Juniper Beats Estimates Despite CEO Ouster in November

Juniper Networks Inc. forecast first-quarter sales higher than analysts’ estimates, a sign the network-equipment maker is weathering management changes and increased competition. The shares rose in extended trading.Sales will be $1.02 billion to $1.06 billion for the quarter, the Sunnyvale, California-based company said Tuesday in a statement. On average, analysts projected revenue of $1.02 billion, according to data compiled by Bloomberg. Earnings excluding some costs will be 28 cents to 32 cents a share, compared with an average analyst estimate of 30 cents. Fourth-quarter profit also beat estimates.
“It looks good, certainly on the surface,” Erik Suppiger, an analyst at JMP Securities LLC, said in a telephone interview. “They have set some very low expectations.”
Juniper has been working to find new growth, while also dealing with pressure to increase shareholder returns from activist investors led by Elliot Management Corp. A month after naming technology executive Shaygan Kheradpir chief executive officer in January 2014, the company announced increased stock buybacks and cost-cutting. In October, the company said it missed its third-quarter forecast due to worsening carrier spending. A month later, the board replaced Kheradpir, a former Barclays Plc technology executive, with Rami Rahim, citing concerns about Kheradpir’s leadership skills and his behavior in a contract negotiation with an unidentified Juniper customer.
“I’m pleased with the solid progress we made as we successfully streamlined our organization, reduced costs, increased capital returns to our shareholders and sharpened our focus on the fastest growing segments of the market,” Rahim said in the statement.

Profit Beats

One trouble spot was the company’s security technology business.
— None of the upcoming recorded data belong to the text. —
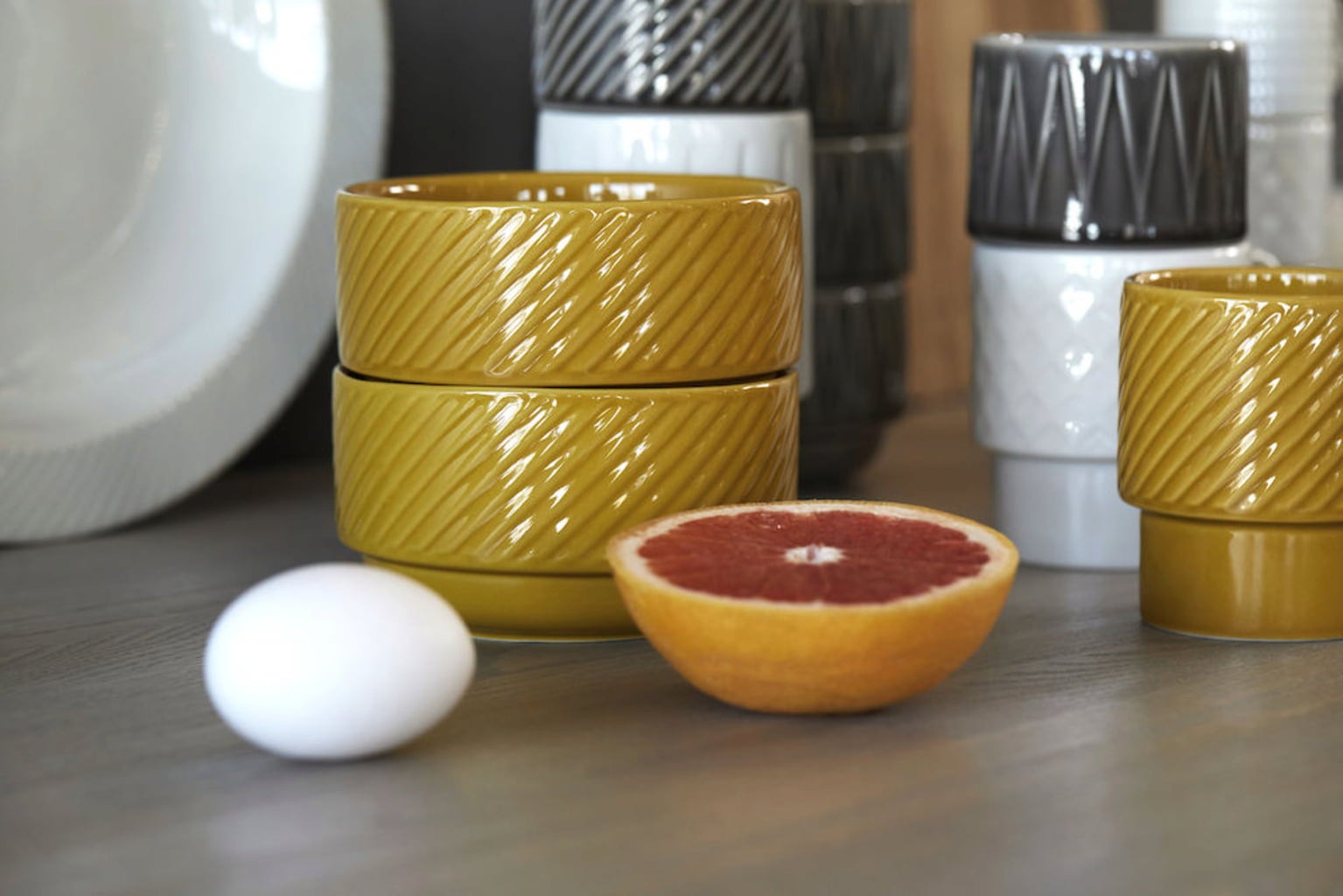 Deze prachtige kommen zijn samen met ontwerpster Margot Barolo ontwikkeld en hebben een uitzonderlijke reliëflook, die doet denken aan de stijl van de jaren '70. De patroon, vorm en kleuren vullen elkaar perfect aan en zijn een bijzonder servies op je eettafel.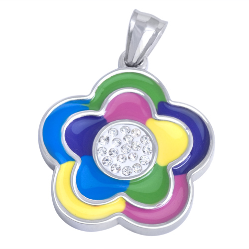 STAINLESS STEEL PENDANT IN COLORFUL FLOWER SHAPE WITH CZ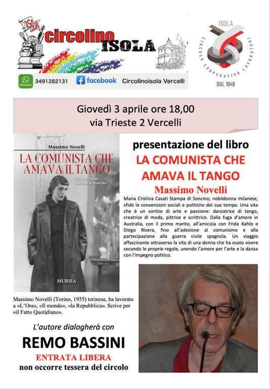 Massimo Novelli, parlerà di lei e del libro che ha scritto su di lei, “La comunista che amava il tango” (Mursia) giovedì 3 aprile alle ore 18 al Circolino dell'Isola (ingresso aperto a tutti). Con lui, ci sarà Remo Bassini.

Revenue for security was $96.5 million in the quarter, compared with $157 million in the same period a year earlier, and the company took an $850 million goodwill impairment charge due to the faltering performance of the unit. Suppiger said he would like to see Juniper sell its security business.
In the fourth quarter, earnings excluding certain costs were 41 cents a share, Juniper said in the statement. Revenue fell 14 percent to $1.1 billion. On average, analysts projected profit of 31 cents a share on sales of $1.06 billion.

Shares Rise

Juniper shares rose 5.1 percent at 7:59 p.m. New York time after closing at $21.83. The stock had gained 1.5 percent since Kheradpir stepped down on Nov. 10 through Tuesday’s close.
The company had a fourth-quarter net loss of $769.6 million, or $1.81 a share, as it took the impairment charge.
Rahim has overseen development of some of Juniper’s most successful products since joining the company in 1997, said Doug Murray, a former Juniper executive who is now CEO of Big Switch Networks Inc.
New competitors such as Arista Networks Inc. and VMware Inc. have established themselves as leaders in the approach known as software-defined networking.
Stuart Jeffrey, an analyst at Nomura Securities International Inc., expects Juniper’s software-based products to lift sales in the second half of the year, he wrote in a recent note.
The company bought back $500 million of its shares during the fourth quarter and said it is committed to purchasing a total of $4.1 billion through 2016.
Elliott, which owned 9.1 percent of Juniper shares as of November, submitted a proposal in December to add three to five new directors to the company’s board, which would enable Juniper to avoid a proxy fight, people with knowledge of the matter said at the time.

Phone Companies

Juniper gets 65 percent of its sales from phone companies, many of which have trimmed their capital budgets because they’ve completed the bulk of the move to 4G cellular networks. Verizon Communications Inc., the largest U.S. wireless carrier and Juniper’s largest single customer, according to a Bloomberg supply-chain analysis, broke with the trend on Jan. 22 by raising its capital spending forecast for 2015 to $17.5 billion to $18 billion this year, from $17 billion.
Still, phone companies may be able to significantly reduce network-equipment costs by moving to software-centric approaches. Mark Sue, an analyst at RBC Capital Markets, said total carrier spending will be little change in 2015 at $208 billion.
A successful transition could also help Juniper to gain share with large Internet companies and corporations that are building their own private clouds. Spending by these cloud providers will increase 14 percent to $41 billion, he wrote.
“Juniper could emerge from the current carrier cycle in a stronger competitive position longer term,” he wrote.
(An earlier version of this story incorrectly listed the timing of the CEO transition.)